By former RGA Vice President- Martin Nelson MA MB BS FRCS
Retired Orthopaedic Surgeon
It was in 1968 that I first met the LPA – the Little People of America – the American Organisation for People of short stature. I was in Baltimore with my late wife Diana and daughter Sarah, (our son Paul was on the way) on a one year exchange from Guys Hospital in London to the Johns Hopkins Hospital. At that time, Dr Victor McKusick, a world authority on genetically inherited disorders was reviewing over 200 patients with Short Stature in his ward and I was asked to assess them from an orthopaedic view point.

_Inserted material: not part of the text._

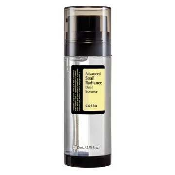 COSRX Advanced Snail Radiance Dual Essence är ett ansiktsvatten berikat med 74,3% snigelsekret och 5% niacinamid som jämnar ut huden, verkar återfuktande och hjälper till att ljusa upp pigmentering och läka akneärr. 80 ml.

Later that year I was then invited to attend the Baltimore Convention of the LPA. I vividly recall entering the large convention hall at a local hotel and was spell bound as I had never seen so many people with short stature of different causation. I soon learned that the association had been founded by Billy Barty a well known short-statured actor who had the idea of setting up a self-help group. It has been an enormous success and today has more than 5000 members.
I returned to England and began to enquire whether such an organisation existed here. I contacted the Council for Social Services and met Mac, Miss McCarthy; I never knew her first name, who was looking at the same idea. I then contacted a number of organisations for the disabled and one day found myself in the office of its secretary Charles Pocock, a fiery Welshman. I clearly recall the meeting. It was a big airy room with a large desk at which Charles was seated. He came forward to greet me and stepped down from his chair. He was short-statured and was told me had Achondroplasia. I had become quite knowledgeable about the different forms of short stature and immediately realised that he in fact had Diastrophic Dwarfism a recessive condition which explained why he had been able to sire two normal children. Initially he was against the idea of segregating people but when I pointed out that someone like him, who had overcome prejudices and challenges, would be a wonderful role model for others who were less confident, he became very enthusiastic. We developed a close personal friendship and I was very sad to learn that he has since died.
We arranged a steering committee meeting and Charles was appointed our first Chairman, later to be our President. I believed if the organisation was to be a success it had to be run by and involve people with short stature.
It was initially called ARRG the Association for Research into Restricted Growth but later changed to its present title RGA. It became a registered Charity in 197-. Other people who I recall include Mary Lindley (after whom the library is named) and Sir William Shakespeare a GP with achondroplasia. His son Tom is passionately committed to improving the lives of the less able.